Google does not only hold the first position in our overall ranking. When focusing on the indexing patterns this engine is superior since the first look at the results is impressive: No other search engine updates so many sites as constantly fast as Google.

Some interesting infos raised, when Opera 8.5 went free: Google is an important partner of Opera Software - because of the little search gizmo located in the browser, that's defaulted to Google's search engine, and for every search that originates from this browser, Google will give something back to Opera Software. That's how business goes.

The rumors turned out to be true: Google has started a beta program for secure wireless communication (now just in San Francisco, later, NY will follow). Nobody knows what Google will do next, but apparently has to do something with the company's image.

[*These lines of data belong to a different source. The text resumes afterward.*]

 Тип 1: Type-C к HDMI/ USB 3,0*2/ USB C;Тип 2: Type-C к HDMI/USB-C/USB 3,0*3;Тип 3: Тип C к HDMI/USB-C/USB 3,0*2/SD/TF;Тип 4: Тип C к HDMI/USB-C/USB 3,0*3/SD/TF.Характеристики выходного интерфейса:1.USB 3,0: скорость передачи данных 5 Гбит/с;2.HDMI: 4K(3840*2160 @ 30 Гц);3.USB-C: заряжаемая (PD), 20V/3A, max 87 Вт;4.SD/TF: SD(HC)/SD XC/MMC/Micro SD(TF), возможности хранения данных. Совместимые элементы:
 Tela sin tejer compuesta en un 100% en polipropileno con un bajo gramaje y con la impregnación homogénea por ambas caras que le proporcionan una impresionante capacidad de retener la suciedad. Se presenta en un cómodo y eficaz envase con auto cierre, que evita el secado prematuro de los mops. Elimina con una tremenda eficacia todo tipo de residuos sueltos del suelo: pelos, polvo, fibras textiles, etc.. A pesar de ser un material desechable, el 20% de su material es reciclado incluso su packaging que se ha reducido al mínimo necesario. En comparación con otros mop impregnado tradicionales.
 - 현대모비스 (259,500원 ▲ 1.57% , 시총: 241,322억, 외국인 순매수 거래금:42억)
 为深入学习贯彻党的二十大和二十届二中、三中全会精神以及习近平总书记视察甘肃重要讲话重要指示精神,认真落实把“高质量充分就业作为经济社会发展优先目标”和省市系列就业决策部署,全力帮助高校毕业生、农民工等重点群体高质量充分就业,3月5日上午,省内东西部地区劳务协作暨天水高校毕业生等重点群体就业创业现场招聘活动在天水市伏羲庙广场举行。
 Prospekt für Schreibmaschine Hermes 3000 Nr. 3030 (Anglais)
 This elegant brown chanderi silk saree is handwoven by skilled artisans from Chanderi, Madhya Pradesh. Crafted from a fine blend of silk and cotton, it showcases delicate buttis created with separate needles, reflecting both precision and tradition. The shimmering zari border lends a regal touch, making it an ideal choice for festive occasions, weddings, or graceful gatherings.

NASA announces that Google will be an active partner of the agency ("09.28.05 - NASA Takes Google on Journey into Space"). That's a very positive image element. People will say: "well, if NASA trusts Google, then Google must hold some pretty interesting technologies. You can trust it, even up there, in space!".

Google hires people for [tam-tada-dam...]: GoogleTV. That's nice. Another good image there. And for the media part of the information, Google indexes a lot of TV shows on it's own servers. Yes, that's right: Google records lots of these shows and lets you play them online on Google Video.

Also, Google dominates in machine translation tests. Google scored the highest in Arabic-to-English and Chinese-to-English translation tests conducted by the National Institute of Science and Technology. The other two contestants were: IBM and University of Southern California's Information Sciences Institute.

Google has also lots of cool features, and, the most important thing, ever adding or improving them (maps.google.com, Google Desktop Search, Google Earth, Google Hello, Google Talk, Gmail, Google Translate, etc.). But the most accessible and useful of them remains simply Google. It has a clean start page, no ads, no lots of links, no banners. For the ones who want a more portal-like approach: Interactive Google.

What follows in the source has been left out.